This guide provides steps to be followed when you upgrade your applications to a newer version of Ruby on Rails. These steps are also available in individual release guides.

endprologue.

h3. Rails Upgrades

When you're upgrading an existing application, it's always a great idea to have good test coverage before going in. Rails 3 and above requires Ruby 1.8.7 or higher. Support for all of the previous Ruby versions has been dropped officially and you should upgrade as early as possible. Rails 3.2.x will be the last branch to support 1.8.7 and Rails 4 (current edge) will support only Ruby 1.9.3.
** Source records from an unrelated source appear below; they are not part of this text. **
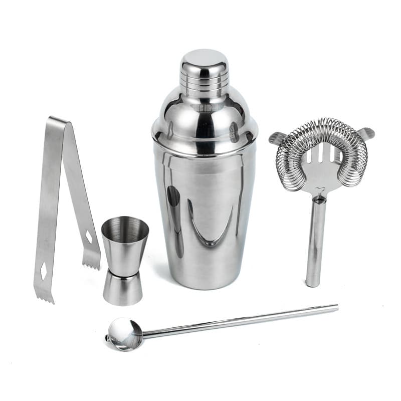 Elegant och praktisk design: Den eleganta silverfinishen ger en touch av sofistikering till alla baruppsättningar. Shakerns ergonomiska design säkerställer ett bekvämt grepp och enkel skakning, medan det medföljande stället håller alla verktyg organiserade och lättillgängliga.
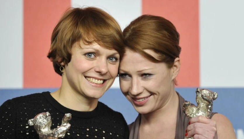 Reżyserka filmu "Alle Anderen" Maren Ade (L) i odtwórczyni głównej roli Birgit Minichmayr (P) ze Srebrnymi NiedźwiedziamiAFP
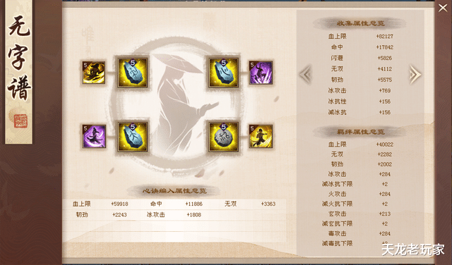 这个号的无字谱选择5级刺心、5级心眼、5级大千、5级神伏,搭配5级大江之势、5级春风江南。
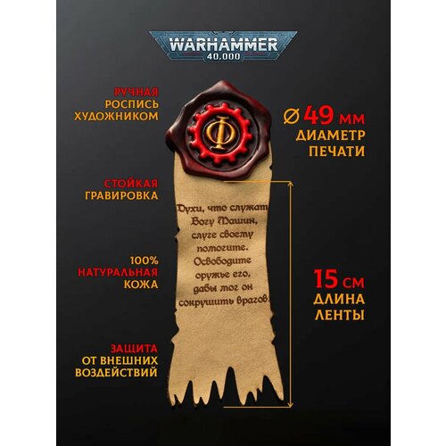 4. Уникальная литания из натуральной кожи: - Литания с молитвой из официального перевода вселенной Warhammer 40k. - Придает изделию премиальный вид. - Устойчива к износу и повреждениям. - Текст выполнен методом гравировки- не сотрется и не смоется.
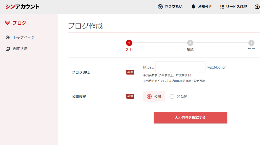 ブログ作成画面になったら、ブログURLに任意のURL文字列を入力します。
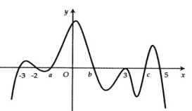 Cho hàm số \(y = f\left( x \right)\) có đạo hàm trên \(\mathbb{R}\) và có đồ thị hàm số \(y = f'\left( x \right)\) cắt trục hoành tại các điểm có hoành độ \( - 3,\,\, - 2,\,\,a,\,b,\,\,3,\,\,c,\,\,5\) với \( - \dfrac{4}{3} < a < - 1,\,\,1 < b < \dfrac{4}{3}\), \(4 < c < 5\) (có dạng như hình vẽ bên dưới). Có bao nhiêu giá trị nguyên của tham số thực \(m\) để hàm số \(y = f\left( {2\left| x \right| + m - 3} \right)\) có 7 điểm cực trị?
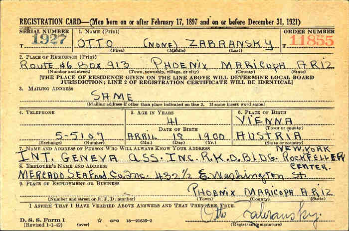Otto Zabransky is 41 years old, born April 18, 1900 in Vienna, Austria. His address is Route #6, Box 913, Phoenix, Maricopa, Arizona, and he does not have a telephone. The person who will always know his address is Int.Geneva Ass., Inc., R.K.O. Bldg., Rockfeller Center, New York. His employer is Mercado Seafood Co., Inc., 432½ E. Washington St., Phoenix, Maricopa, Arizona. Otto is described as white race, 5'11" tall, 165 lbs., gray eyes, brown hair, light complexion, scars on left hand and right side under nose.
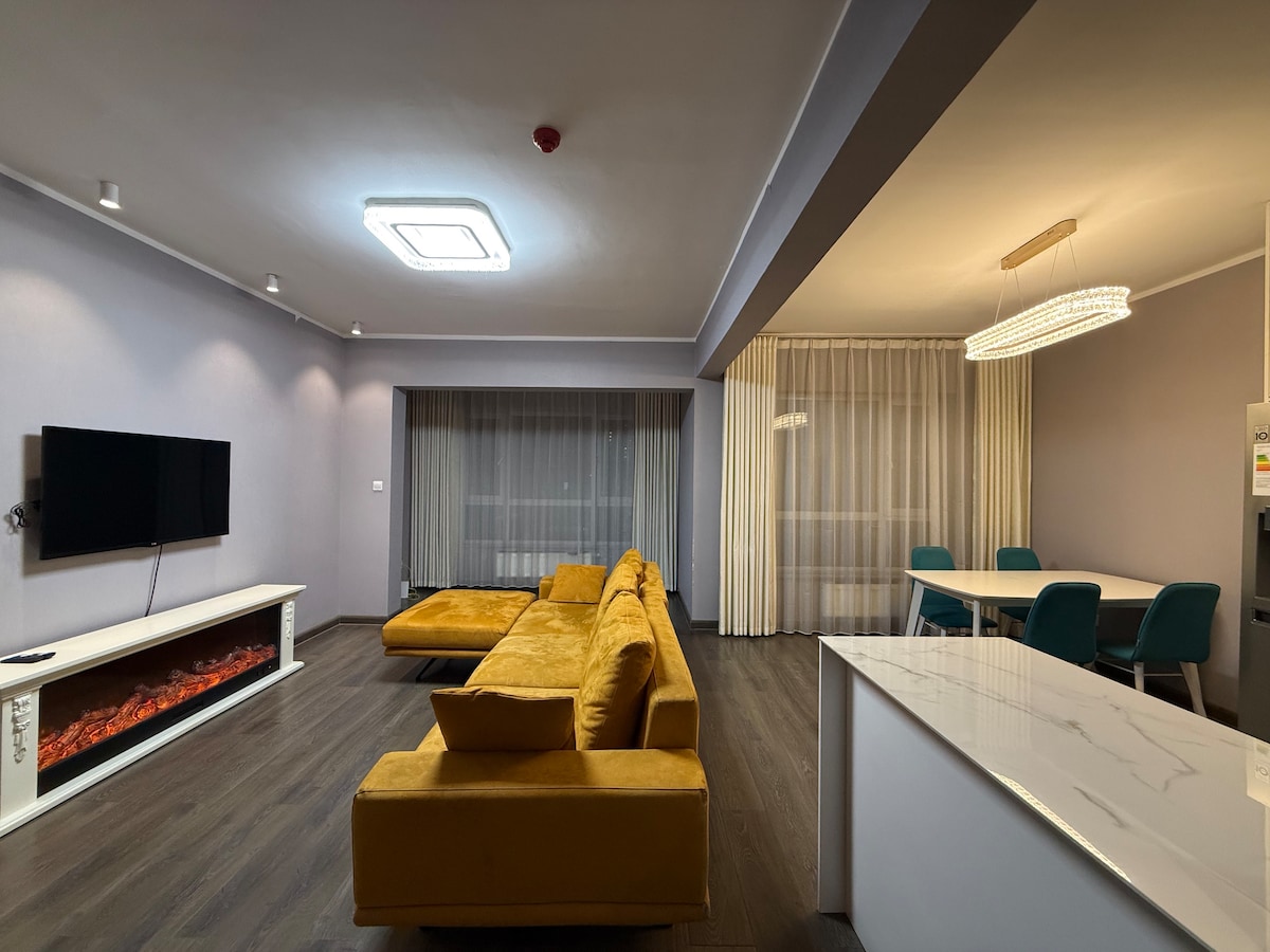 Modern 73 sqm 2-room apartment just 8 minutes by car from Sukhbaatar Square. Ideal for business travelers, couples, and families. Surrounded by restaurants, banks, shopping centers, fitness, beauty salons, and international grocery stores within 100 meters. Newly built, clean, and comfortable. Fully equipped kitchen, fast Wi-Fi, Smart TV, washing machine, automatic bidet toilet, bathtub & shower. Business lounge downstairs. Self check-in with smart lock. Quiet and convenient location.

TIP: Note that Ruby 1.8.7 p248 and p249 have marshaling bugs that crash Rails. Ruby Enterprise Edition has these fixed since the release of 1.8.7-2010.02. On the 1.9 front, Ruby 1.9.1 is not usable because it outright segfaults, so if you want to use 1.9.x, jump on to 1.9.2 or 1.9.3 for smooth sailing.

h3. Upgrading from Rails 3.1 to Rails 3.2

We recommend that you first upgrade to Rails 3.1 in case you haven't and make sure your application still runs as expected before attempting an update to Rails 3.2. 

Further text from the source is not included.